_EXERCISE_
Your copy starts at the line containing "- 編集中の未保存の図面があ" and ends at the last line of the material below. Reproduce those lines exactly, with no pictures.

_INFORMATION SHOWN_

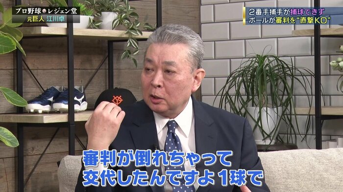 そしたらボールが上行って、自分の頭を通り越して、審判のマスクに当たったんですよ。
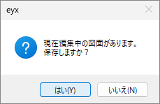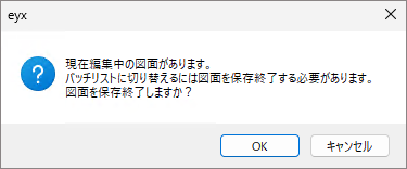 - 編集中の未保存の図面がある場合、リストウィンドウを開くと以下のようなメッセージが表示されます。
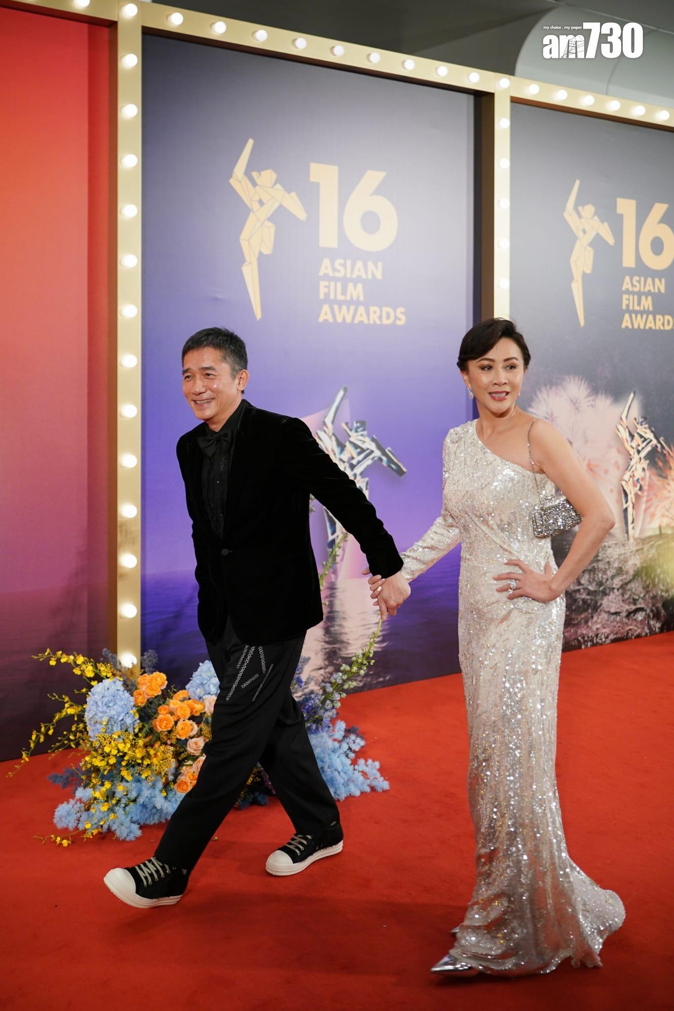梁朝偉與劉嘉玲雙雙出席《第16屆亞洲電影大獎》,他們以一黑一白的打扮踏上紅地氈,偉仔以波鞋配西裝上陣,而嘉玲就以單肩禮服示人。提到偉仔成為不少來賓的集郵對象,他表示很開心,並笑言今次很多參賽者都是他很喜歡的電影工作者。
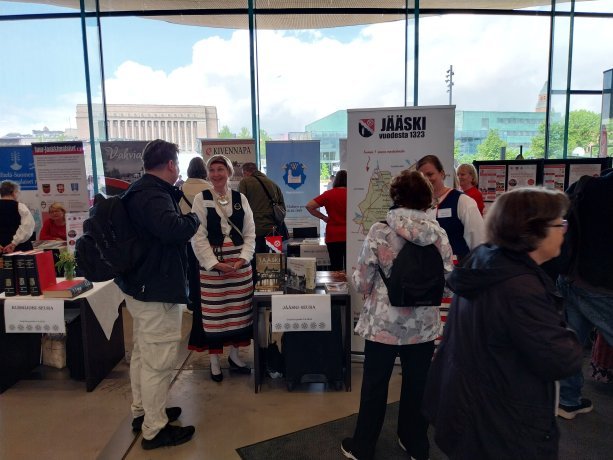 Kuva: Pitäjä- ja sukuseurat olivat aktiivisesti mukana Oodi Karjalassa -tapahtumassa kesäkuussa 2025. Osastoilla riitti kyselijöitä ruuhkaksi asti. Tule tapaamaan pitäjien edustajien pitäjä- ja sukumarkkinoille Karjalatalolle pitäjä- ja sukumarkkinoille. Kuva Sofia Flygare.

_EXERCISE RESPONSE_
 - 編集中の未保存の図面がある場合、リストウィンドウを開くと以下のようなメッセージが表示されます。
梁朝偉與劉嘉玲雙雙出席《第16屆亞洲電影大獎》,他們以一黑一白的打扮踏上紅地氈,偉仔以波鞋配西裝上陣,而嘉玲就以單肩禮服示人。提到偉仔成為不少來賓的集郵對象,他表示很開心,並笑言今次很多參賽者都是他很喜歡的電影工作者。
 Kuva: Pitäjä- ja sukuseurat olivat aktiivisesti mukana Oodi Karjalassa -tapahtumassa kesäkuussa 2025. Osastoilla riitti kyselijöitä ruuhkaksi asti. Tule tapaamaan pitäjien edustajien pitäjä- ja sukumarkkinoille Karjalatalolle pitäjä- ja sukumarkkinoille. Kuva Sofia Flygare.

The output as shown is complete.